WHAT TO DO
Give back the records below exactly, omitting the pictures.

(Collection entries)

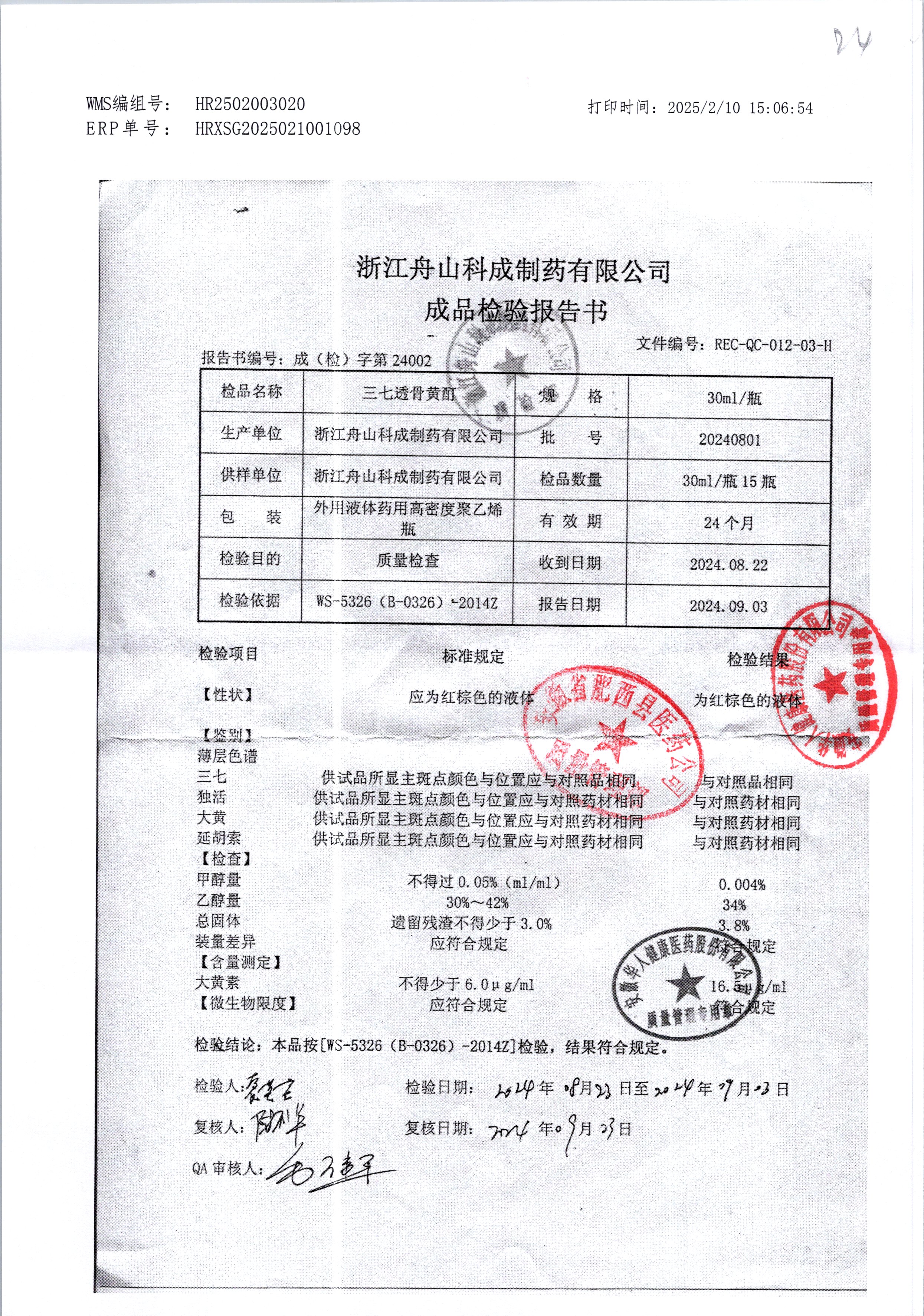 | 三七透骨黃酊 | 30ml | 20240801 | 查看詳情 |
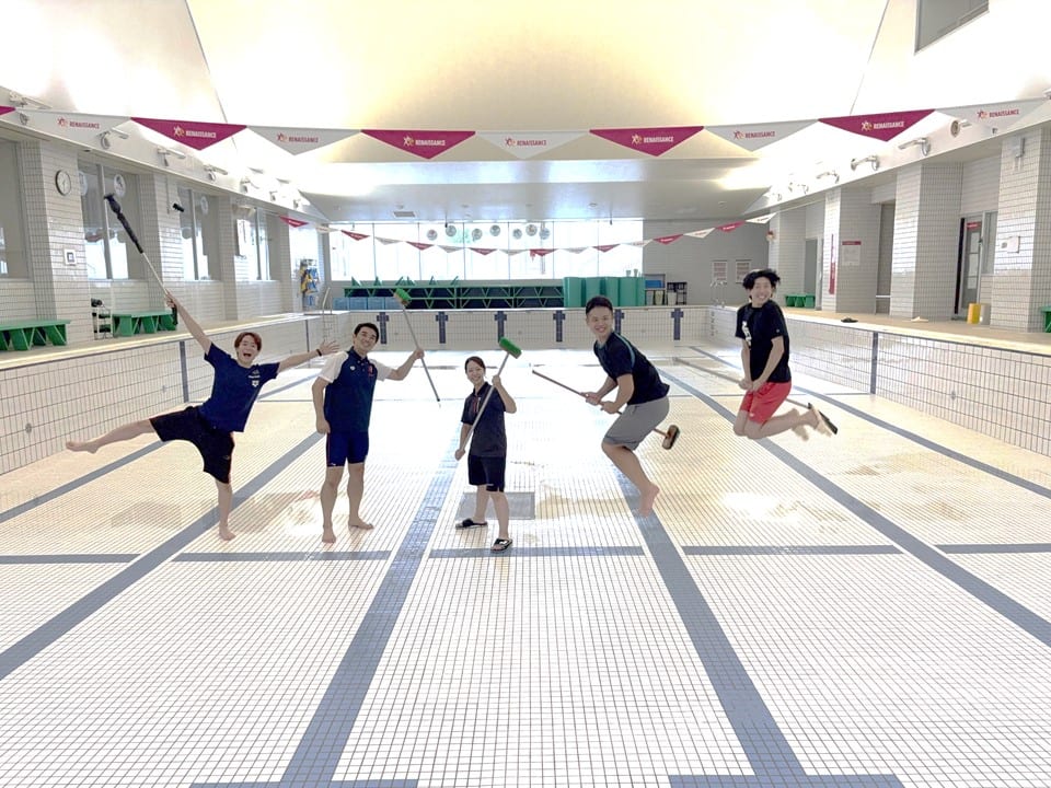 また、プールの水の入替えと床面ブラシ掛けを行いました
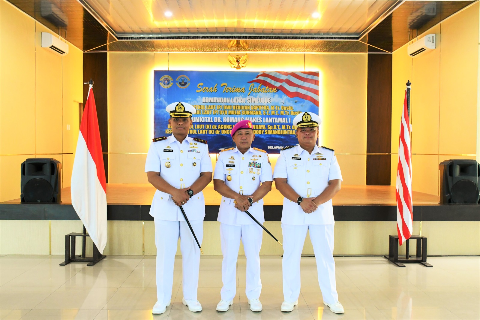 Detikdjakarta.com TNI AL, Simeulue,- Serah Terima Jabatan Komandan Lanal Simeulue diserah terimakan dari Letkol Laut (P) Dwi Herdian Saputra, M.Tr.Opsla., kepada Letkol Laut (P) Oyu Mulia Sukmana S.T., M.T., M.Tr. Opsla., yang dipimpin langsung oleh Komandan Pangkalan Utama TNI AL I Brigjen TNI (MAR) Jasiman Purba, S.E., CHRMP., bertempat di Gedung O.B. Syaa’f Mako Lantamal I Belawan, Sumatra Utara Jum’at (03/05/2024).
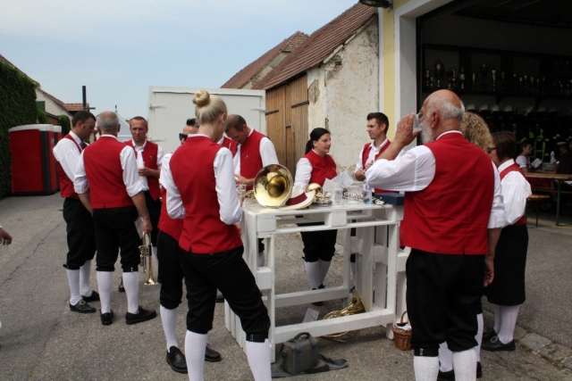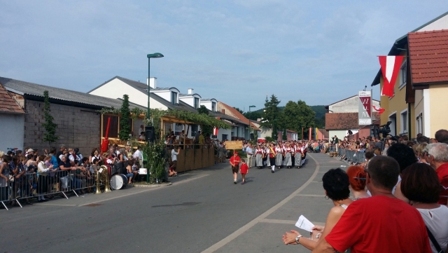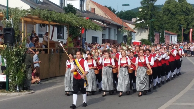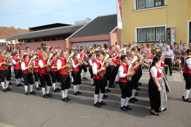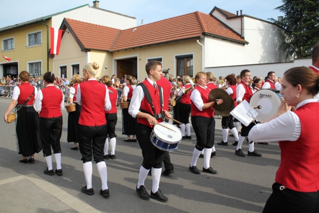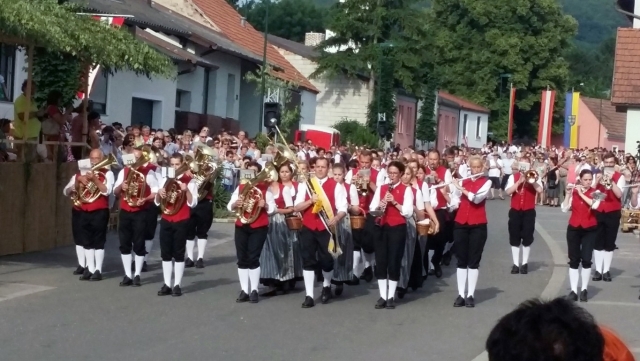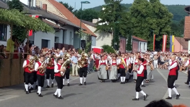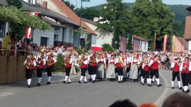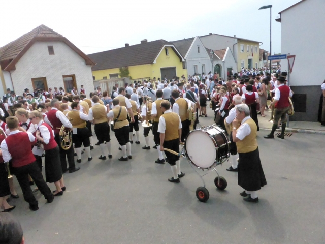 Ab 15 Uhr marschierten die 27 teilnehmenden Kapellen bei tropischen Temperaturen nacheinander ein. Ab 15.30 Uhr folgten die Begrüßungsworte und das Gemeinschaftskonzert, wobei von den ca 900 Musikanten die Musikstücke „Musica Solemnis“, „Heimat am Leithaberge Marsch“, „Oh Du mein Österreich“ und die „NÖ-Landeshymne“ zum Besten gegeben wurden. Danach startete ab 16 Uhr die Marschmusikbewertung, wobei 14 Kapellen in der höchsten Stufe „E“, 12 Kapellen in der Stufe „D“ und eine Kapelle in der Stufe A antraten. Unter der strengen Aufsicht des Bewerterteams Franz Herzog, Kapellmeister der Polizeimusik NÖ, Anton Pistotnig, ehemaliger und langjähriger Kapellmeister der Mil.Kapelle NÖ, sowie Günter Weiss, Bezirkskapellmeister in der BAG Krems wurden alle teilnehmenden Vereine bewertet.
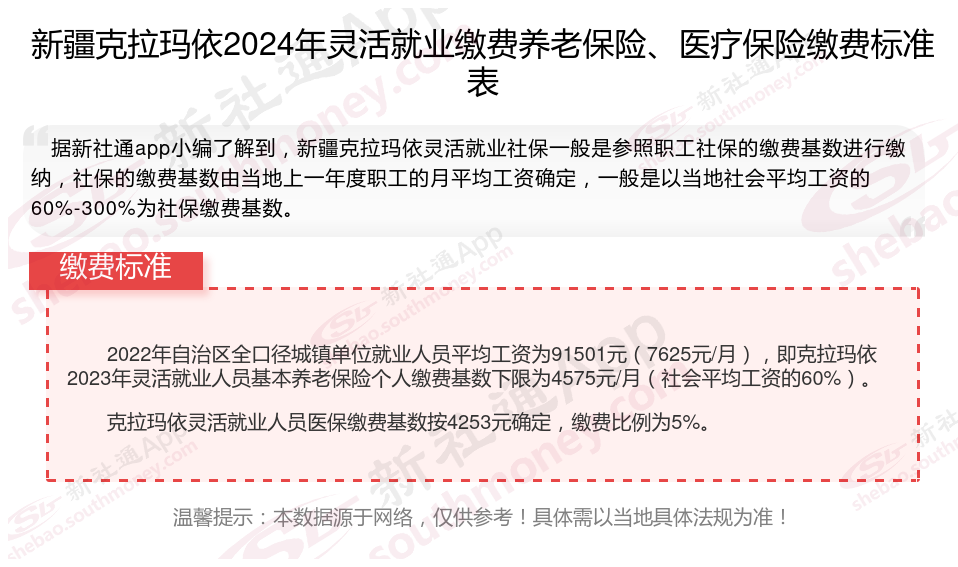 一、2024年新疆克拉玛依灵活就业社保缴费基数、比例最新消息

OUTPUT
 | 三七透骨黃酊 | 30ml | 20240801 | 查看詳情 |
 また、プールの水の入替えと床面ブラシ掛けを行いました
 Detikdjakarta.com TNI AL, Simeulue,- Serah Terima Jabatan Komandan Lanal Simeulue diserah terimakan dari Letkol Laut (P) Dwi Herdian Saputra, M.Tr.Opsla., kepada Letkol Laut (P) Oyu Mulia Sukmana S.T., M.T., M.Tr. Opsla., yang dipimpin langsung oleh Komandan Pangkalan Utama TNI AL I Brigjen TNI (MAR) Jasiman Purba, S.E., CHRMP., bertempat di Gedung O.B. Syaa’f Mako Lantamal I Belawan, Sumatra Utara Jum’at (03/05/2024).
 Ab 15 Uhr marschierten die 27 teilnehmenden Kapellen bei tropischen Temperaturen nacheinander ein. Ab 15.30 Uhr folgten die Begrüßungsworte und das Gemeinschaftskonzert, wobei von den ca 900 Musikanten die Musikstücke „Musica Solemnis“, „Heimat am Leithaberge Marsch“, „Oh Du mein Österreich“ und die „NÖ-Landeshymne“ zum Besten gegeben wurden. Danach startete ab 16 Uhr die Marschmusikbewertung, wobei 14 Kapellen in der höchsten Stufe „E“, 12 Kapellen in der Stufe „D“ und eine Kapelle in der Stufe A antraten. Unter der strengen Aufsicht des Bewerterteams Franz Herzog, Kapellmeister der Polizeimusik NÖ, Anton Pistotnig, ehemaliger und langjähriger Kapellmeister der Mil.Kapelle NÖ, sowie Günter Weiss, Bezirkskapellmeister in der BAG Krems wurden alle teilnehmenden Vereine bewertet.
 一、2024年新疆克拉玛依灵活就业社保缴费基数、比例最新消息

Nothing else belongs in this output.